Complexity of Gaussian elimination (LU factorization) Can someone tell me how to calculate the order of a) $LU$ decomposition as well as b) Gaussian elimination of a square matrix $A$? I am at a loss ...
Given:: $A$ is a $n\times n$ matrix and ultimate aim is to find a  solution set of $Ax=b$. I couldn't solve the first part but for the 2nd part,  I think the number of basic operations will be (as per my calculations) $$\frac{n}{2}(n+3)(2n-1)$$
Am I right?  It shall even be helpful if you could cite a link or reference to some text which contain the calculations of the order of the processes.
 A: You are slightly off as the dominant term should be $\frac{2}{3}n^3$. Most text in numerical linear algebra only provide the dominant error term. I am aware of a single text, specifically: 
Fraleigh and Beauregard: Linear Algebra
2nd Edition, Addison-Wesley, 1990.
which does the exact flop count. I imagine that the 3rd edition from 1995 is no different.
Counting flops is difficult to do correctly. Here are some tips.


*

*Write the algorithm out by hand.

*Count the number of flops in each arithmetic statement.

*Count the length of each loop.

*Determine the number of times each arithmetic statement is executed.


Personally, I can never get the flop count right, unless I execute those steps. 
To settle the matter decisively you can write an implementation and force the computer to count flops, comparing the actual count with your current conjecture. I shall demonstrate using MATLAB.
The following routine does an LU factorization without pivoting overwriting the matrix A with the LU factorization.

function [Y, count, diff]=mylu(A)

n=size(A,2); count=0;
for j=1:n-1
    for i=j+1:n
        A(i,j)=A(i,j)/A(j,j);
        count=count+1;
    end
    for k=j+1:n
        for i=j+1:n
            A(i,k)=A(i,k)-A(i,j)*A(j,k);
            count=count+2;
        end
    end
end
Y=A;

% Total multipliers computed (n-1)*n/2;
% Total updates made 1 + 2^2 + .... + (n-1)^2 = (n-1)*n*(2n-1)/6
% Total flops (n-1)*n*(2n-1)/3 + (n-1)*n/2;

diff=(n-1)*n*(2*n-1)/3+(n-1)*n/2-count;

The following routines solves the lower unit triangular linear system $Ly=b$ where the strictly lower triangular part of $L$ is embedded in the strict lower triangular part of $A$.
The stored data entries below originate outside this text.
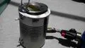 Small soup can forge melting zinc.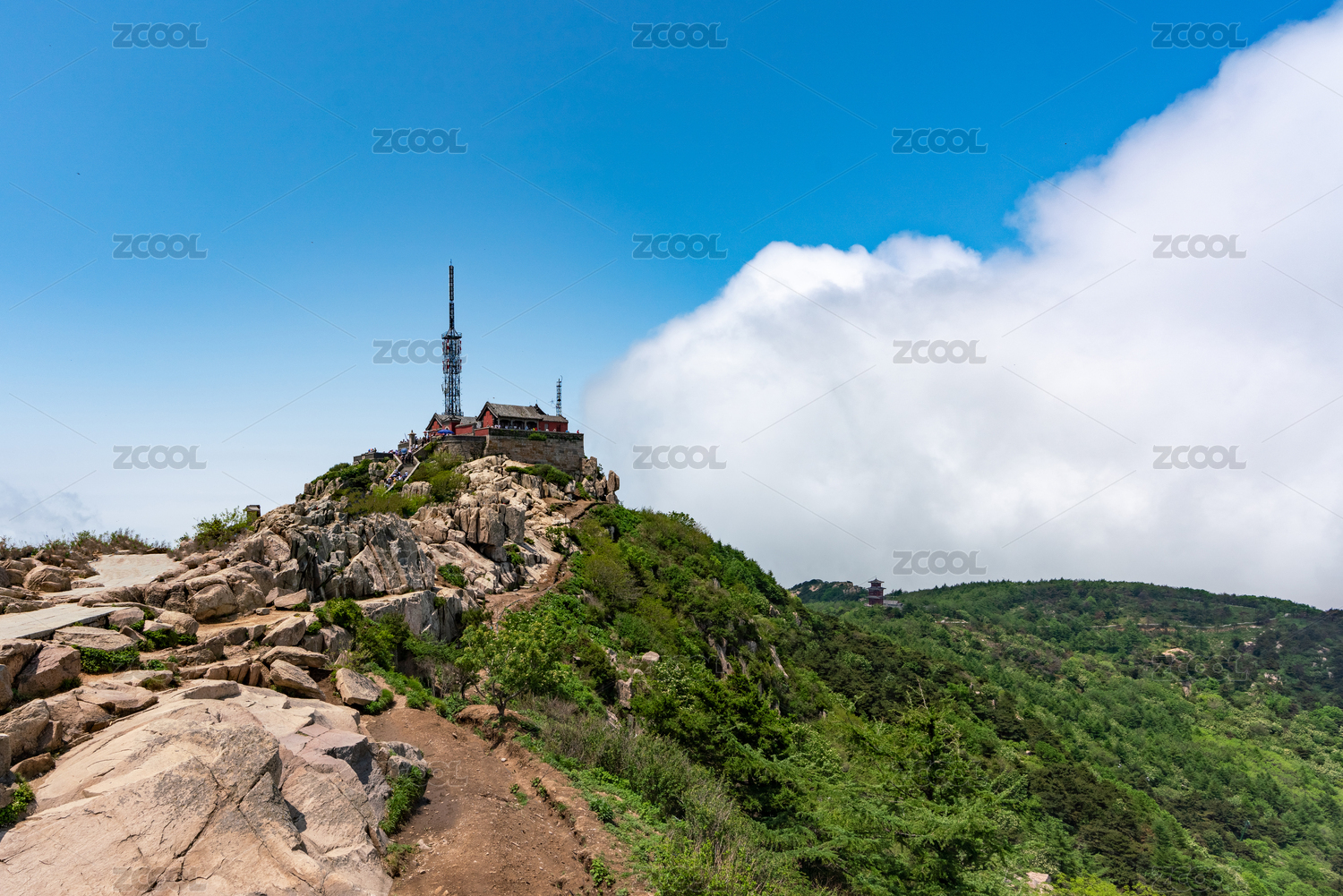 泰山极顶风光蓝天白云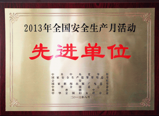 在2013年全國(guó)“安全生產(chǎn)月”活動(dòng)總結(jié)交流大會(huì)上,五礦邯邢礦業(yè)有限公司被中宣部、國(guó)家安監(jiān)總局、公安部等七部委聯(lián)合授予“安全生產(chǎn)月”活動(dòng)先進(jìn)單位殊榮。本次會(huì)議共表彰146家先進(jìn)單位,其中央企36家,邯邢礦業(yè)是全國(guó)地下冶金礦山中唯一一家獲此殊榮的企業(yè)。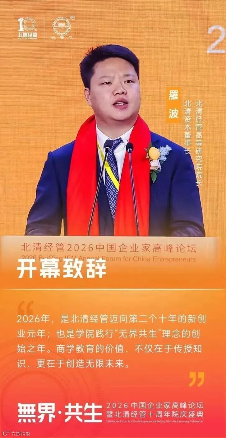 北清经管高等研究院院长、北清资本董事长 羅波:“2026年是北清经管迈向第二个十年的新创业元年,也是学院践行 “无界共生” 理念的起始之年;商学教育的价值,不仅在于传授知识,更在于创造无限未来。”

function [y, count, diff]=myforward(A,b)

n=size(A,2); y=b; count=0;
% Loop length n
for j=1:n
    % Loop length n-j
    for i=j+1:n
        % Two flops here
        y(i)=y(i)-A(i,j)*y(j);
        % This statement is executed 1 + 2 + ... (n-1) = (n-1)n/2 times
        count=count+2;
    end
end
% Total flop count = n(n-1)
diff=(n-1)*n-count;

The following routine solves the upper triangular linear system $Ux = y$ where $U$ is the upper triangular part of $A$.

function [x, count, diff]=mybackward(A,y)

n=size(A,2); count=0;

x=y;
for j=n:-1:1
    % One flop here
    x(j)=x(j)/A(j,j);
    % Update counter
    count=count+1;
    % Loop length j-1;
    for i=1:j-1
        % Two flops here. This is done (n-1)n/2 times
        x(i)=x(i)-A(i,j)*x(j);
        % Update the counter
        count=count+2;
    end
end

% Flopcount (n-1)n + n = n^2;
diff=n^2-count;